##### Input material #####
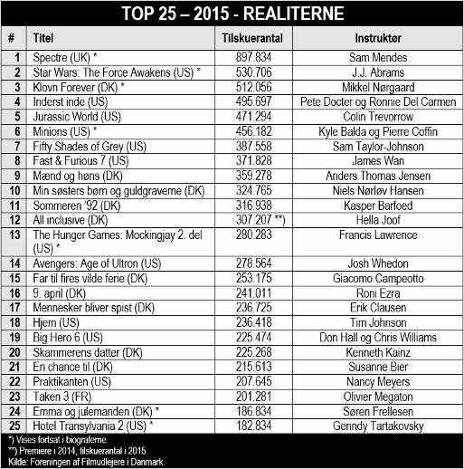 Til gengæld ramte jeg nogenlunde plet med Spectre, Klovn Forever, Fifty Shades of Grey, Mænd og høns og Min søsters børn og guldgraverne. De levede alle op til mine forventninger, selv om jeg nok havde forventet et noget større tilskuerantal på Klovn Forever.
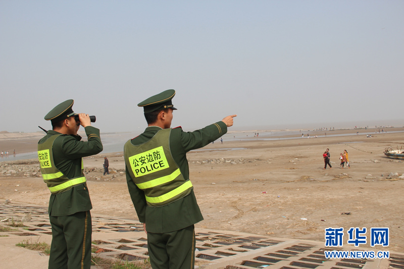 官兵观察“月亮湾”游客情况
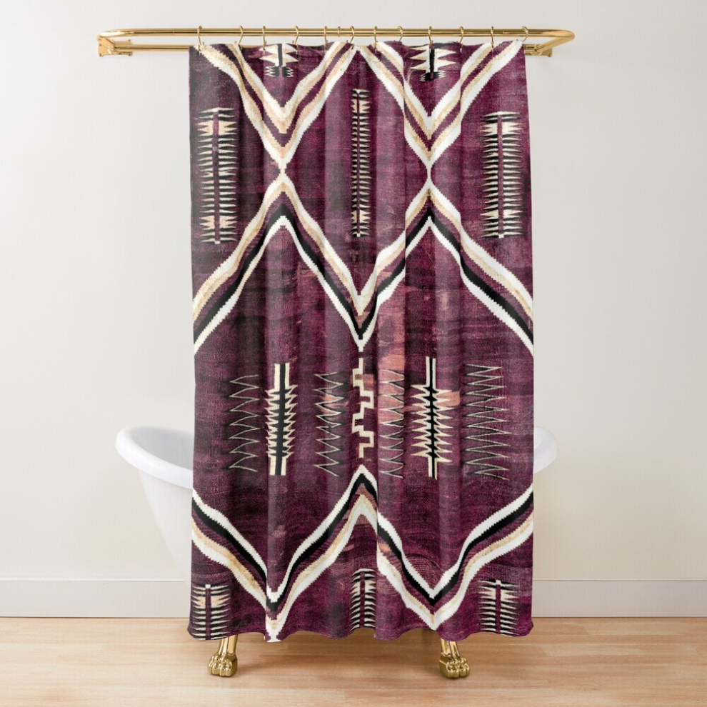 Shower Curtains NATIVE AMERICAN 130 YEAR OLD BLANKET - 2021 COLORIZED - BURNT DARK CHERRY for Bathroom Decor 72x72 inches
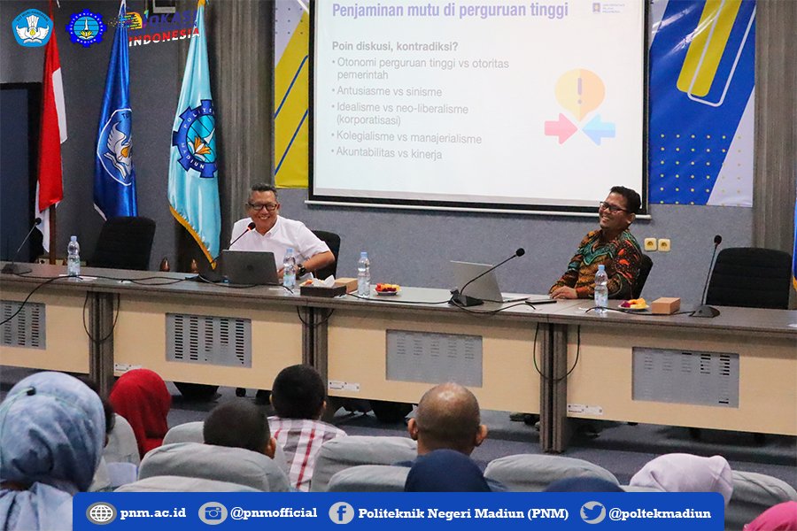 Pusat Penjaminan Mutu dan Pengembangan Pembelajaran (PPMPP) Politeknik Negeri Madiun (PNM) menyelenggarakan Workshop Sistem Penjaminan Mutu Internal (SPMI) dan Pembekalan Audit Mutu Internal (AMI) pada Selasa (18/07). Kegiatan yang bertempat di Auditorium Gedung Budi Tjahjono Kampus 1 PNM tersebut diikuti oleh ketua jurusan, sekretaris jurusan, koordinator program studi, serta gugus kendali mutu prodi.
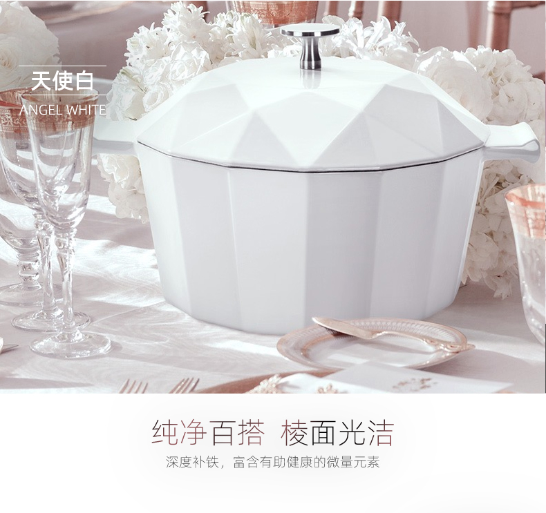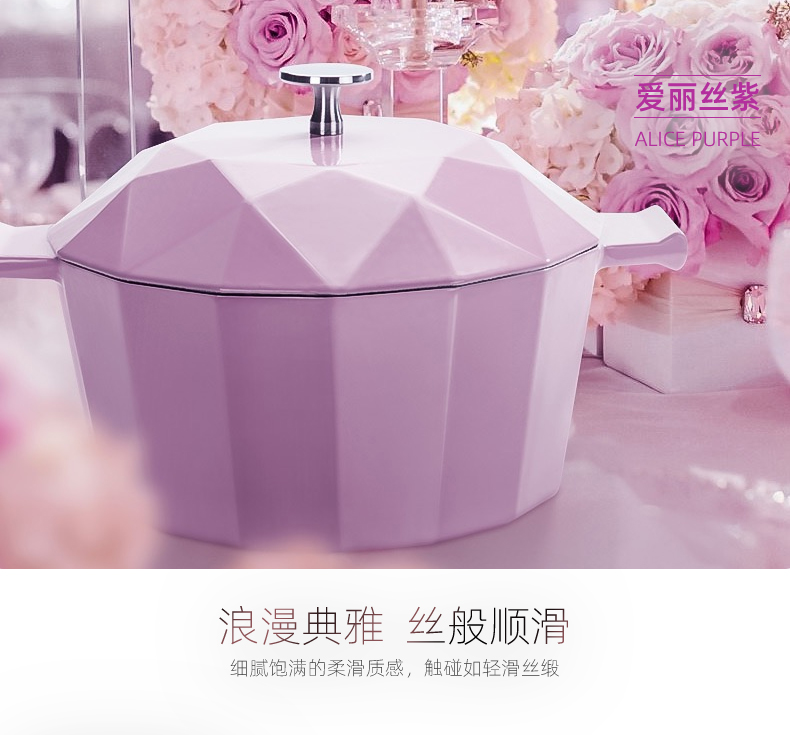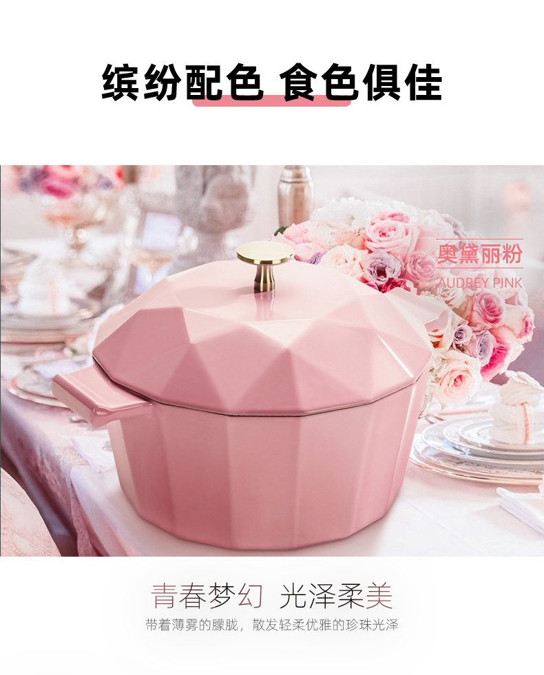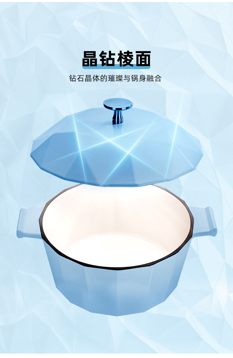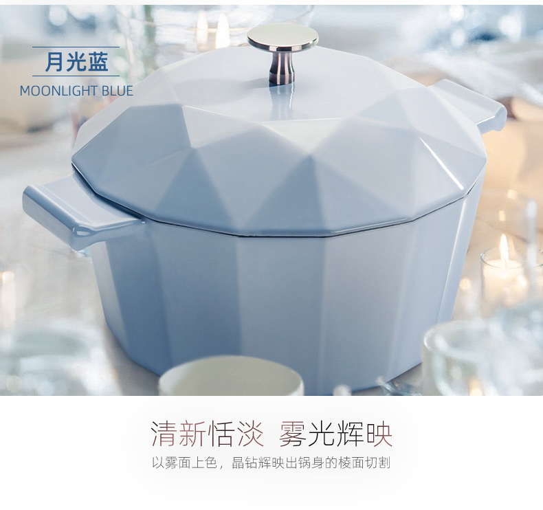 整体摩登造型,锅面和锅身都是晶钻切割棱面设计,颜值非常高。两侧的把手和锅体是一体成型的,安全稳定好握取,由于锅的颜值高,锅内食物可以不用装盘直接整锅上。
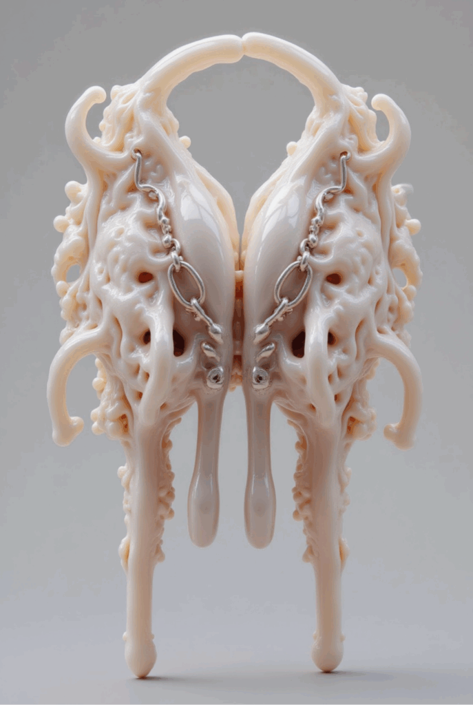 The jury recognizes Eva for her bold digital exploration of speculative, queer reproductive organs—forms that echo the anatomical while also departing into the surreal. Her work confronts feminist biopolitics and the social construction of reproductive bodies in relation to commodification, fetishization, and the pressures of heteronormativity. Glossy, fleshy, and intricately entangled, these sculptural renderings pulse with both vulnerability and power. Distinct in concept and form, Eva’s radical refusal of AI in favor of meticulously modeled, artist-driven digital creation asserts both an aesthetic and political stance, making the work as unsettling as it is striking.
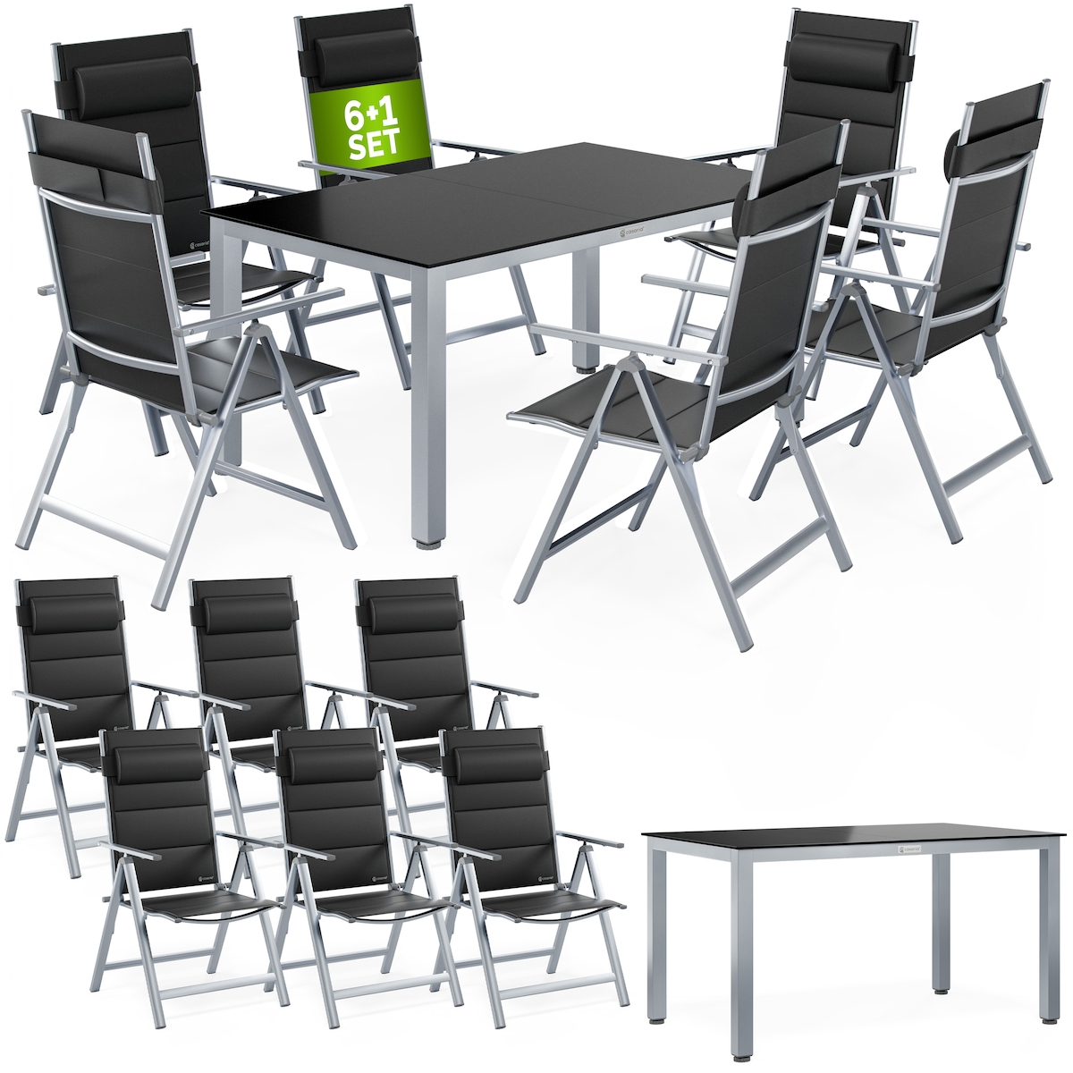 CASARIA Gartenmöbel Set Gartentisch 6 Stühle Silber
#####
Instructions for the task — Set the records down again word for word; the pictures stay out.

Finished exercise —
 Til gengæld ramte jeg nogenlunde plet med Spectre, Klovn Forever, Fifty Shades of Grey, Mænd og høns og Min søsters børn og guldgraverne. De levede alle op til mine forventninger, selv om jeg nok havde forventet et noget større tilskuerantal på Klovn Forever.
 官兵观察“月亮湾”游客情况
 Shower Curtains NATIVE AMERICAN 130 YEAR OLD BLANKET - 2021 COLORIZED - BURNT DARK CHERRY for Bathroom Decor 72x72 inches
 Pusat Penjaminan Mutu dan Pengembangan Pembelajaran (PPMPP) Politeknik Negeri Madiun (PNM) menyelenggarakan Workshop Sistem Penjaminan Mutu Internal (SPMI) dan Pembekalan Audit Mutu Internal (AMI) pada Selasa (18/07). Kegiatan yang bertempat di Auditorium Gedung Budi Tjahjono Kampus 1 PNM tersebut diikuti oleh ketua jurusan, sekretaris jurusan, koordinator program studi, serta gugus kendali mutu prodi.
 整体摩登造型,锅面和锅身都是晶钻切割棱面设计,颜值非常高。两侧的把手和锅体是一体成型的,安全稳定好握取,由于锅的颜值高,锅内食物可以不用装盘直接整锅上。
 The jury recognizes Eva for her bold digital exploration of speculative, queer reproductive organs—forms that echo the anatomical while also departing into the surreal. Her work confronts feminist biopolitics and the social construction of reproductive bodies in relation to commodification, fetishization, and the pressures of heteronormativity. Glossy, fleshy, and intricately entangled, these sculptural renderings pulse with both vulnerability and power. Distinct in concept and form, Eva’s radical refusal of AI in favor of meticulously modeled, artist-driven digital creation asserts both an aesthetic and political stance, making the work as unsettling as it is striking.
 CASARIA Gartenmöbel Set Gartentisch 6 Stühle Silber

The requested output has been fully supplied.